Among the entries below, only the lines from the one with "Győztes főzők 1." through the one with "Disclaimer: Das GIZ-Projekt" are wanted, reproduced exactly. Pictures are not wanted.

Records —
▶
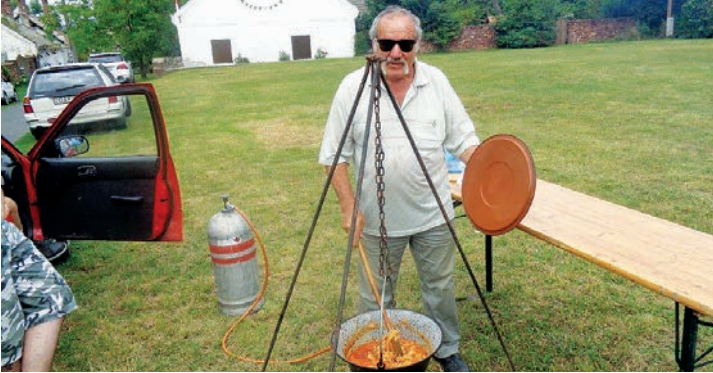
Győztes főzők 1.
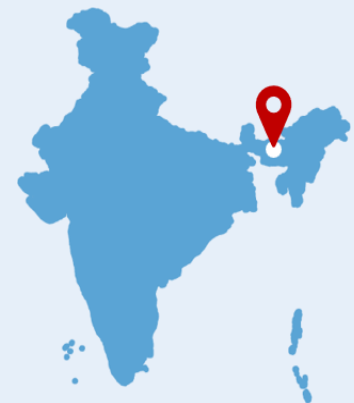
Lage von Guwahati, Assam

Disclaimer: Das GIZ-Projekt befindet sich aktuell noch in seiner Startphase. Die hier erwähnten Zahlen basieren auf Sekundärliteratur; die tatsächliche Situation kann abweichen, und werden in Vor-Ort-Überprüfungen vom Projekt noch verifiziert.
◀
▶
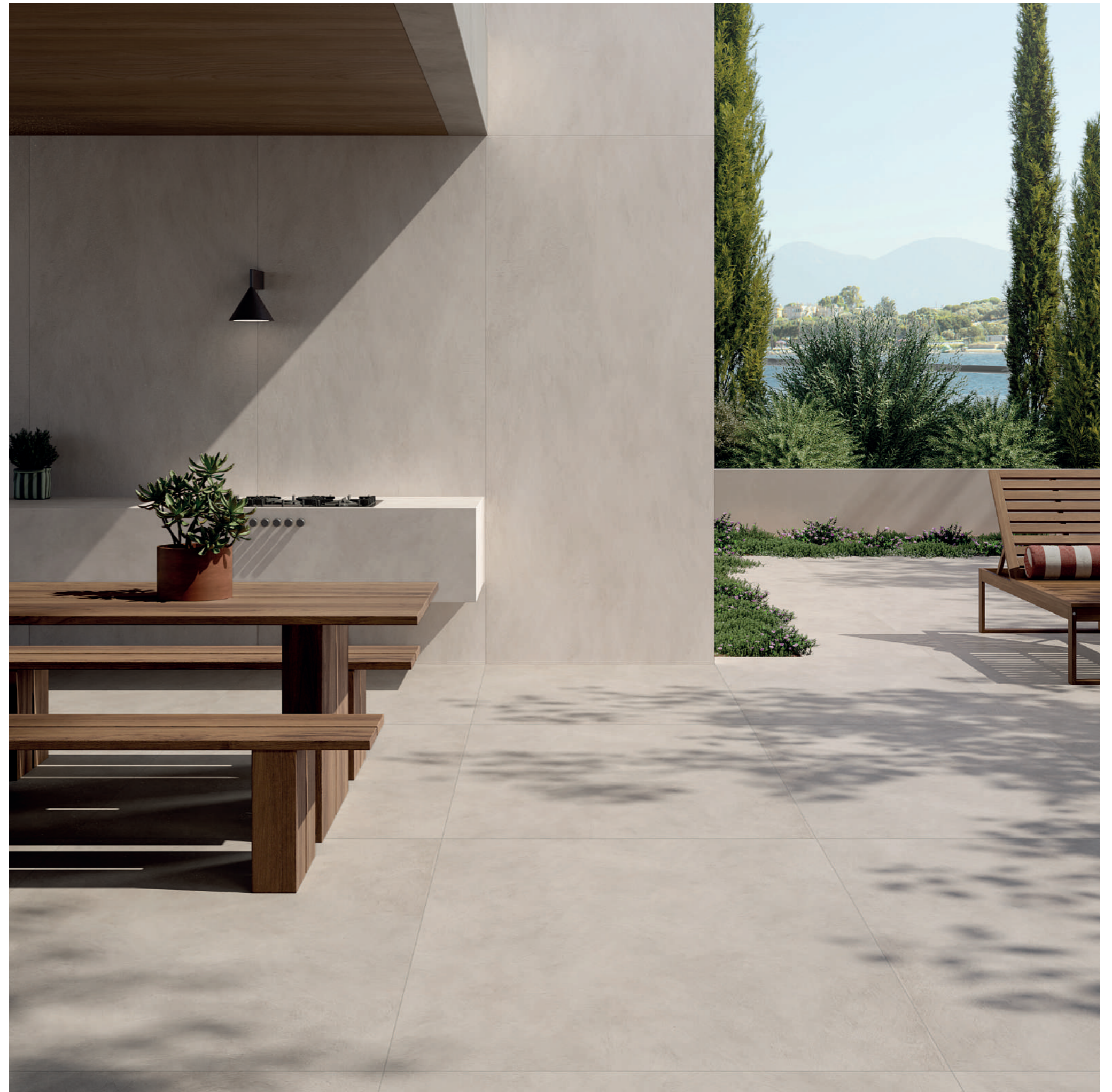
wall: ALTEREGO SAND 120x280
◀
Response area —
Győztes főzők 1.
Lage von Guwahati, Assam

Disclaimer: Das GIZ-Projekt befindet sich aktuell noch in seiner Startphase. Die hier erwähnten Zahlen basieren auf Sekundärliteratur; die tatsächliche Situation kann abweichen, und werden in Vor-Ort-Überprüfungen vom Projekt noch verifiziert.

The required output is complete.